There is little cheer for my constituents in this Budget. The Chancellor is meddling yet again in the tax affairs of small companies, reversing some of the effects of the Budget of just two years ago. Jobs in Titchfield are being moved around the country as if they were a pile of chips being shunted across a roulette table by a croupier. More houses are being imposed on an area that cannot cope with the additional building already going on.

The Chancellor gives the impression that he thinks that the economy is like a machine: pull a lever, flick a switch here and open a valve there, and all will be well. He forgets at his peril that what he is playing with is not some theoretical model of the economy or a machine, but the lives of our constituents. He may welcome the headlines the day after the Budget, but the damage that he causes individuals and their families will last far longer than the glow of those headlines.

8.6 pm

Paul Farrelly (Newcastle-under-Lyme) (Lab): I am delighted to follow the hon. Member for Fareham (Mr. Hoban), not to defend the Budget, but to proclaim it and the opportunities that if offers the NHS, not least in my constituency and industrial north Staffordshire as a whole.

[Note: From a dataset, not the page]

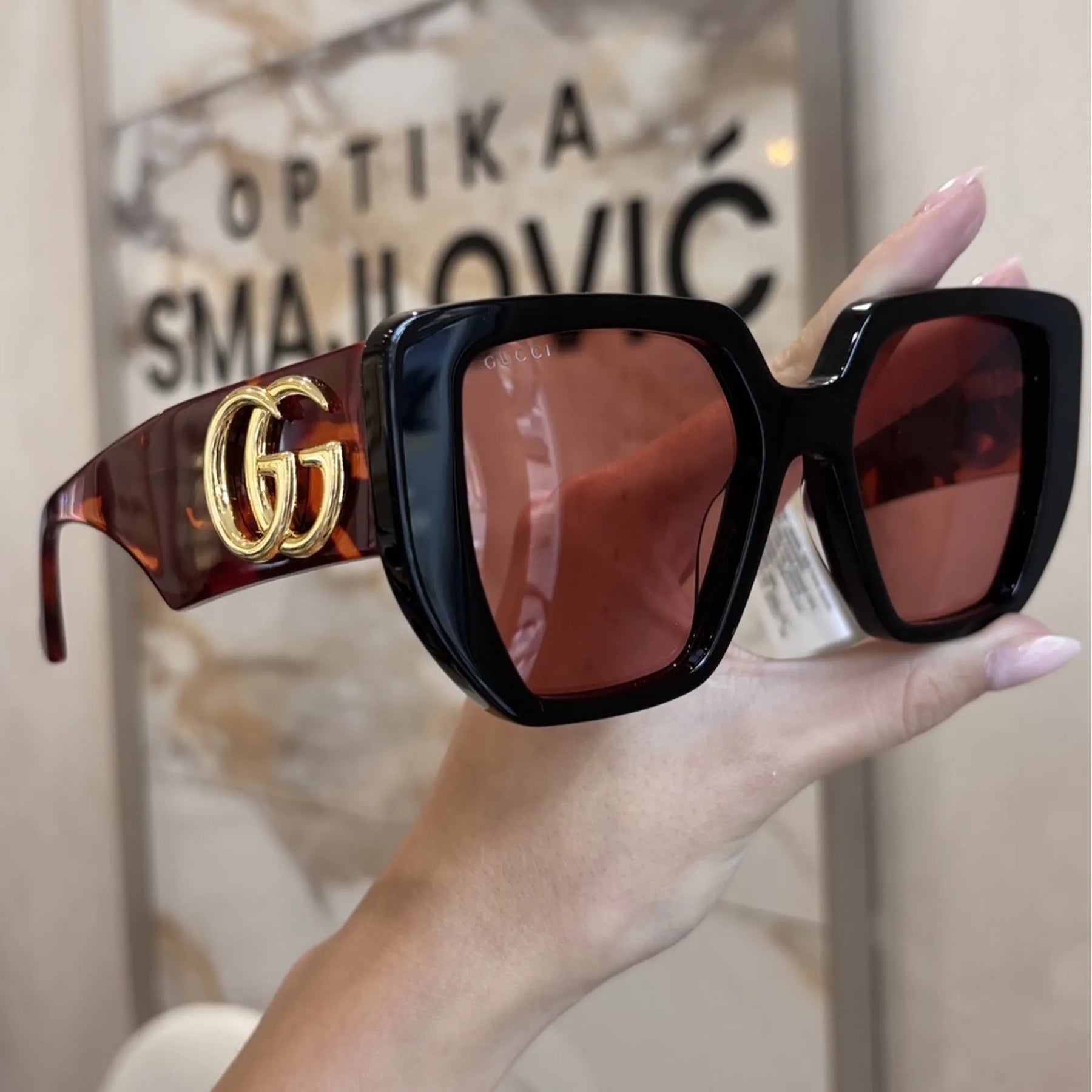 Gucci je jedan od najutjecajnijih modnih brendova na svijetu, osnovan u Firenci 1921. godine. Njihove naočale prepoznatljive su po smjelim oblicima, luksuznim detaljima i snažnom vizualnom identitetu. Često uključuju motive poput zlatnih pčela, pruga i logotipa “GG”. Gucci naočale nose brojne slavne osobe poput Harryja Stylesa i Dakote Johnson, a savršene su za one koji žele da ih svi primijete.

This is the eighth Budget under a Labour Government, though only the third that I, as a new Member, have had the pleasure of witnessing from these Benches. I remember, years ago, this time of year provoking pain, not pleasure—so much so that in the 1980s and early 1990s I used to go out of my way to stay out of the way, to avoid listening to news of tax cuts for the privileged few and yet more public service cuts affecting the neediest. Indeed, under 18 years of Conservative government, there was only one Budget that I can loosely associate with improving the health of the nation, or at least a tiny, precious part of it. That was when Nigel Lawson stuck 10p on the price of a packet of fags and my granddad, Tom King, a 40-plus-a-day man since he served in the trenches, said that he had had enough of those damned Tories, as he put it, and never lit up a cigarette again.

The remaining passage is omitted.